• [TASK]: Everything in the data must be repeated exactly, apart from the pictures, which are left out.

• [GIVEN MATERIAL]:

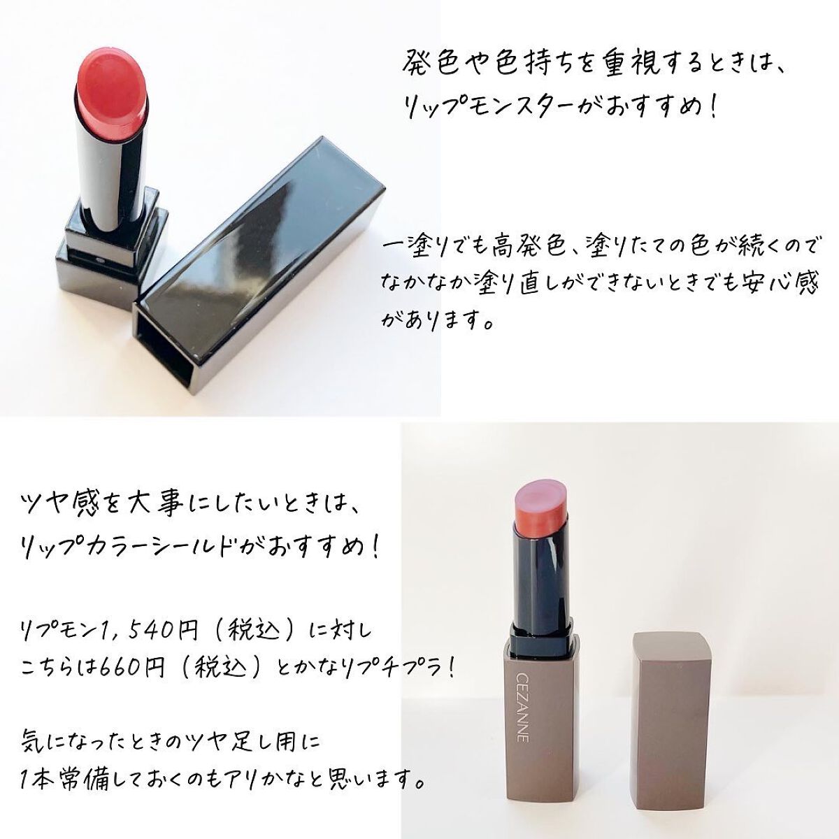 コロナ禍で大バズり不動の怪物 KATE リップモンスター03 (3g) ¥1,540 リプモンを追うように登場 強みは安さ、あとクオリティだけぇ CEZANNEリップカラーシールド01フィグブラウン ¥660 (3.7g) 流石に値段的な意味的にもリプモンの方が持ちがいいのでまぁ、少し下位互換?
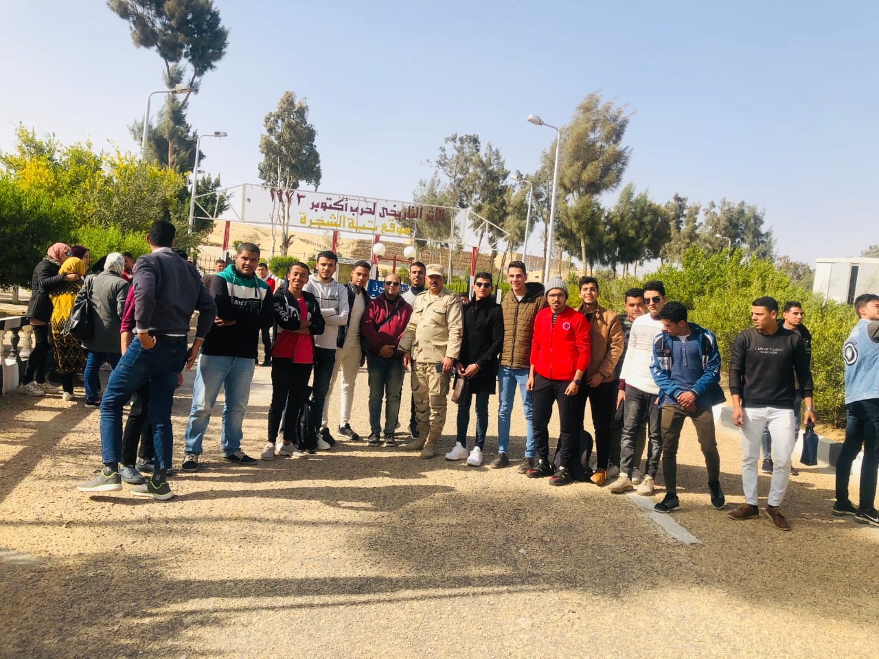 وبدأت الزيارة بعبور الطلبة على المعدية 6 بقناة السويس القديمة ثم معدية قناة السويس الجديدة وشرق القناة، ثم التوجه إلى الأثر التاريخي لحرب أكتوبر 73 ثم التوجه لمزار موقع تبة الشجرة السياحي..
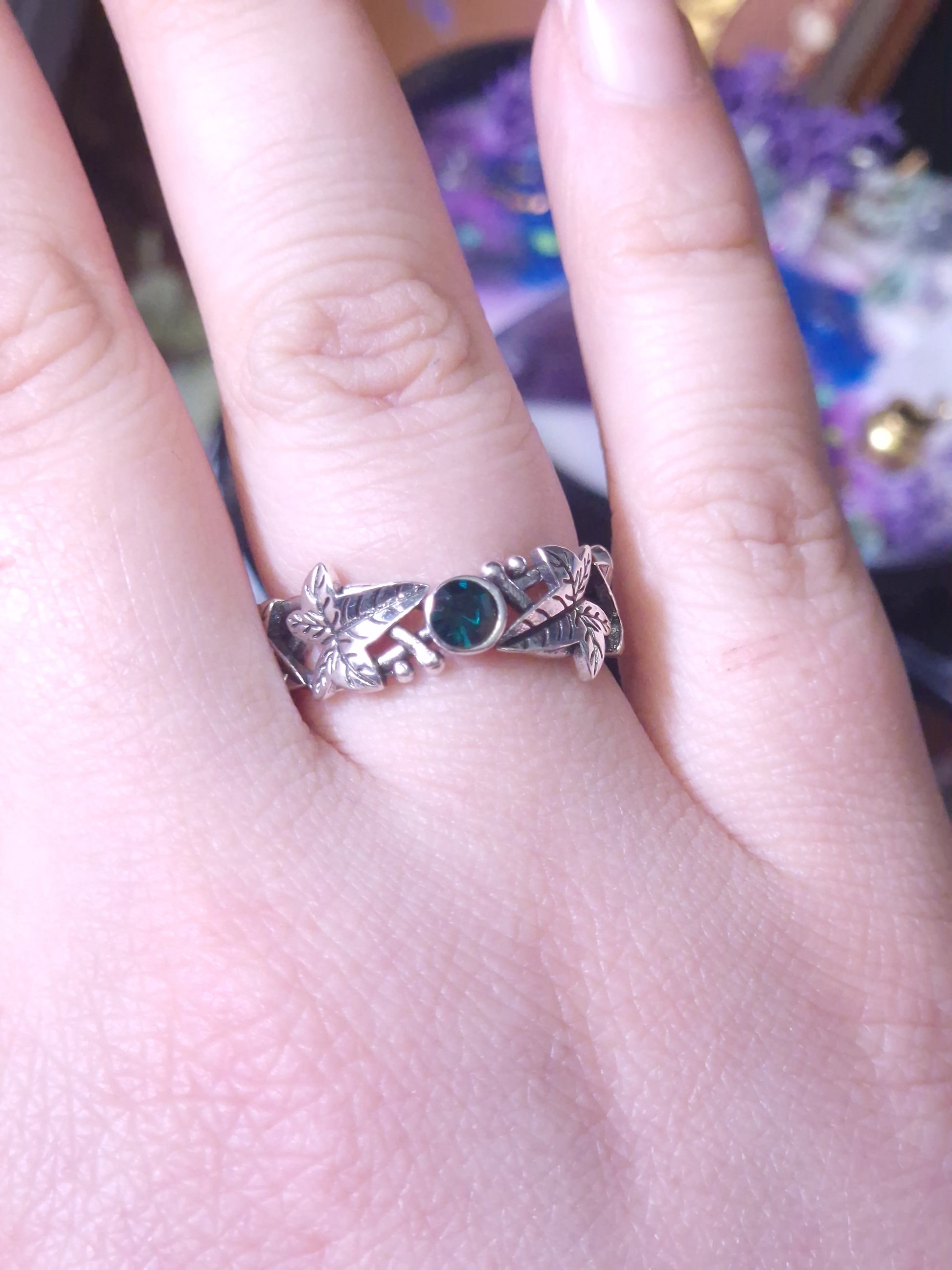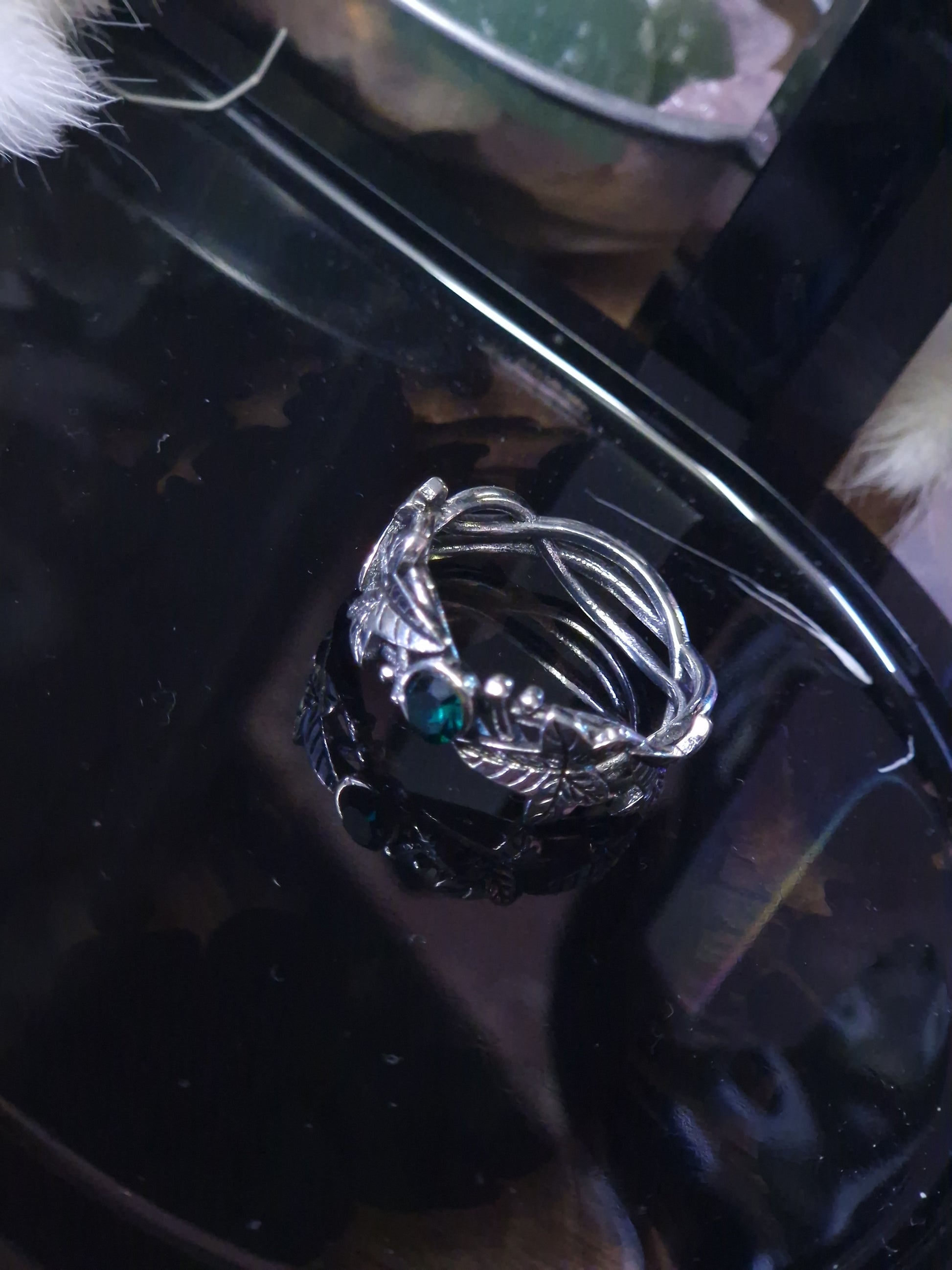 Ein Hauch verwunschener Waldmagie – dieser Ring verbindet filigranen Efeu mit dem funkelnden Glanz eines grünen Zirkons. Die zarte Rankengestaltung umschließt deinen Finger wie ein lebendiges Gedicht aus Blättern und Licht.
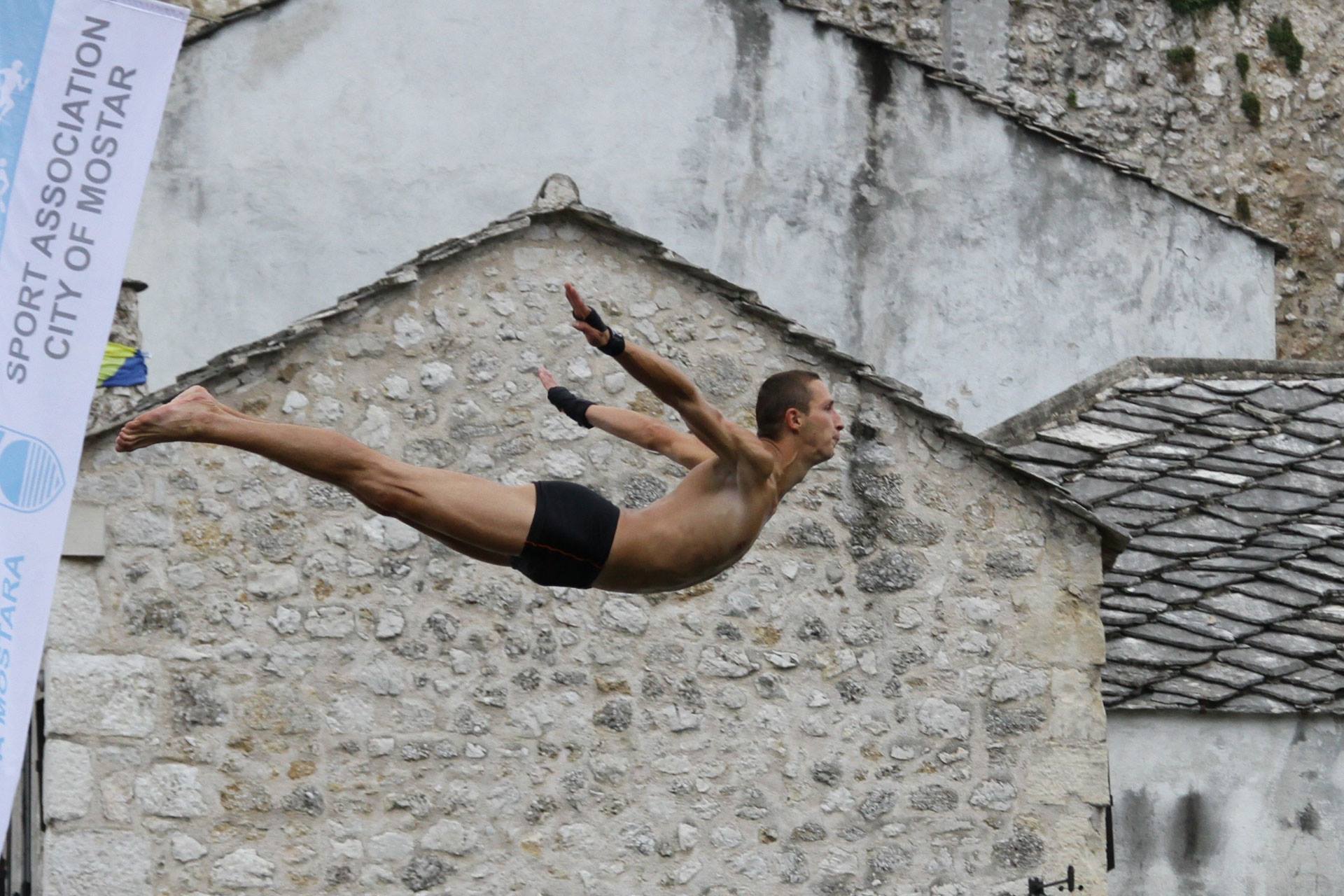 Foto: Zeničke laste ponosno predstavljaju naš grad na Starom mostu u Mostaru –  Sanel Duvnjak je rođen u januaru 1984. Ove godine, ove nedjelje, posljednjeg dana jula, čak 15. put će skakati sa Starog mosta. Prvi put je skočio sa nepunih 17 godina.

• [ANSWER TO THIS EXERCISE]:
 コロナ禍で大バズり不動の怪物 KATE リップモンスター03 (3g) ¥1,540 リプモンを追うように登場 強みは安さ、あとクオリティだけぇ CEZANNEリップカラーシールド01フィグブラウン ¥660 (3.7g) 流石に値段的な意味的にもリプモンの方が持ちがいいのでまぁ、少し下位互換?
 وبدأت الزيارة بعبور الطلبة على المعدية 6 بقناة السويس القديمة ثم معدية قناة السويس الجديدة وشرق القناة، ثم التوجه إلى الأثر التاريخي لحرب أكتوبر 73 ثم التوجه لمزار موقع تبة الشجرة السياحي..
 Ein Hauch verwunschener Waldmagie – dieser Ring verbindet filigranen Efeu mit dem funkelnden Glanz eines grünen Zirkons. Die zarte Rankengestaltung umschließt deinen Finger wie ein lebendiges Gedicht aus Blättern und Licht.
 Foto: Zeničke laste ponosno predstavljaju naš grad na Starom mostu u Mostaru –  Sanel Duvnjak je rođen u januaru 1984. Ove godine, ove nedjelje, posljednjeg dana jula, čak 15. put će skakati sa Starog mosta. Prvi put je skočio sa nepunih 17 godina.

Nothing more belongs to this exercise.